It is important to have a good forecast for this cost
since unexpected events can trigger it to a very
high level. In this research we present a statistical
factor model to forecast the maintenance cost for
the coming month. One of the factors is the expected number of unplanned (due to failure) maintenance interventions. We introduce a Bayesian
model for the failure rate of the equipment, which
is input to the cost forecasting model. The importance of equipment reliability and prediction in the
commercial nuclear power plant is presented
along with applicable governmental and industry
organization requirements. A detailed statistical
analysis is performed on a set of maintenance cost
and failure data gathered at STPNOC. The paper
will appear in the Nuclear Engineering and Design journal in 2006.
Operational Level Models and Methods for
Risk Informed Nuclear Asset Management: In
this research, we model and solve the problem of
choosing a maintenance policy for a single item,
from a particular class of policies, that minimizes
total expected cost over a finite horizon. We optimize the replacement time for a system that fails
according to an increasing failure-rate distribution.
Our work is applied to a system at STPNOC. We
developed a computational algorithm that solves
the problem of finding the optimal preventive
maintenance time and implemented it at STPNOC
by creating an Excel-based add-in.
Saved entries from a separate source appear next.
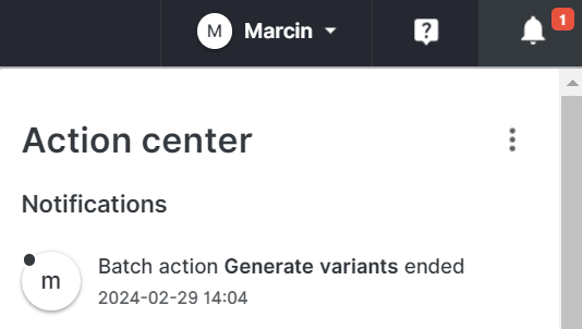 The generation of variants is done in the background. When the process is complete, users will be notified via the Action Center.
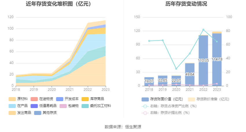从存货变动来看,截至2023年年末,公司存货账面价值为114.78亿元,占净资产的64.58%,较上年末增加4.43亿元。其中,存货跌价准备为3.84亿元,计提比例为3.24%。
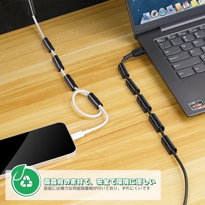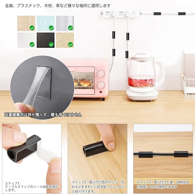 [強力な接着剤] 強粘着両面テープを採用し、複数のケーブルでもしっかり固定できます。ガラス、木材、プラスチック、金属などの様々な素材に対応し剥がれにくいので長期間の使用でも安心!
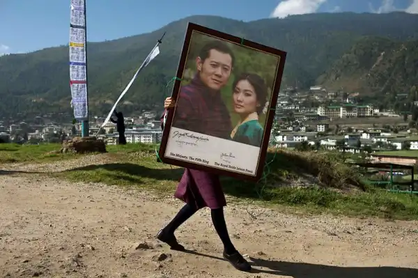Бутанский студент несет портрет короля Джигме Кхесара Намгьяла Вангчука и будущей королевы Джецун Пемы, прежде, чем повесить его за пределами школы Lungten Zanpa School, их альма-матер в Тхимпху, столице Бутана.
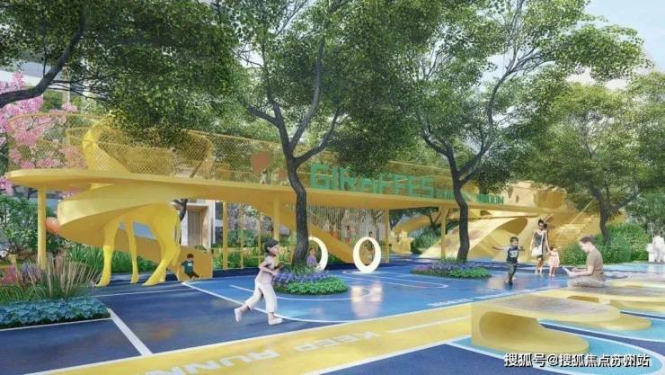 南北向休闲体验轴,借鉴苏州河畔网红打卡地百溪公园的设计理念,结合苏河玺南北大纵深的布局,也打造了南北轴线的邻里街区。
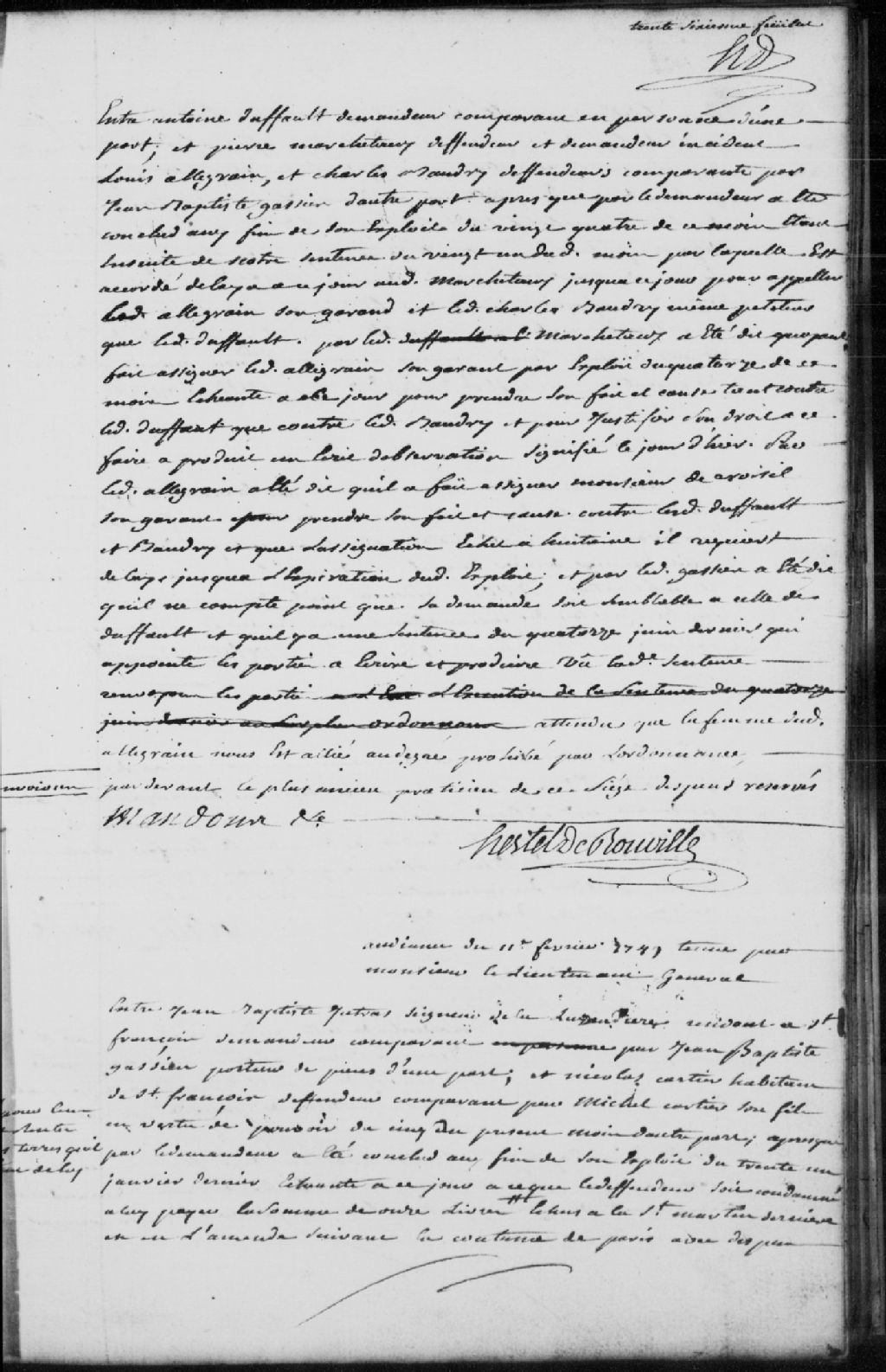 Le titre complet de la pièce se lit comme suit : Requête d¿Antoine Duffault (Dufault), demandeur, contre Pierre Marchetaux (Marcheteau), et Louis Allegrain (Algrin), demandeur incident, contre Charles Baudry (Beaudry), défendeur, comparant par Jean-Baptiste Gassien (Gatien), pour la poursuite de la sentence du 21 janvier qui accordait un délai jusqu¿à ce jour audit Marchetaux pour appeler son garant et Charles Baudry même pétiteur que Duffault; ledit Marchetaux a fait assigner Allegrain qui à son tour a fait assigner monsieur de Croisil (Croizille), son garant, pour se défendre contre lesdits Duffault et Baudry et requiert délai; Gassien dit qu¿il y a une sentence du 14 juin 1748 qui appointe les parties à écrire et produire; les parties sont renvoyées puisque la femme d¿Allegrain est alliée à la Cour au degré prohibé par l¿ordonnance par-devant le plus ancien praticien du siège des Trois-Rivières; dépens réservés.
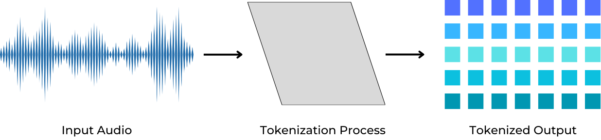 這麼龐大的資料如果直接丟進 Transformer 模型,計算量會像滾雪球一樣爆炸成平方級成長,近期研究者想到的妙招是,把連續的聲音 轉換成離散的符號,也就是 Speech Tokens ,這些 token 保留了音色、語氣等特徵,使模型能以 Transformer 架構進行訓練。

The paper
appeared in the ANS, PSA 2005 Proceedings.
Optimal Preventive Maintenance Under
Decision Dependent Uncertainty: We analyze a system of N components with dependent
failure times. The goal is to obtain the optimal
block replacement interval (different for each
component) over a finite horizon that minimizes
the expected total maintenance cost. Our model
captures the change in the future joint failure time
distribution due to selecting a particular preventative maintenance action. The paper appeared in
ICONE14 2006 Proceedings.
Ongoing and Future Projects
Bayesian Nonparametric Modeling of Failure Times and Cost Parameters: Typically,
the mathematical modeling of failure times are
based on parametric models. These models fail to
capture the true underlying relationships in the
data; indeed, under a parametric assumption, the
hazard rates are treated as unimodal and skewed,
which, we show, is incorrect. Importantly, assuming an increasing failure rate, is way off the mark
in the present context. Since hazard and cost estimates are important from a risk management perspective, potentially gross errors, resulting from
purely parametric models, can be obviated.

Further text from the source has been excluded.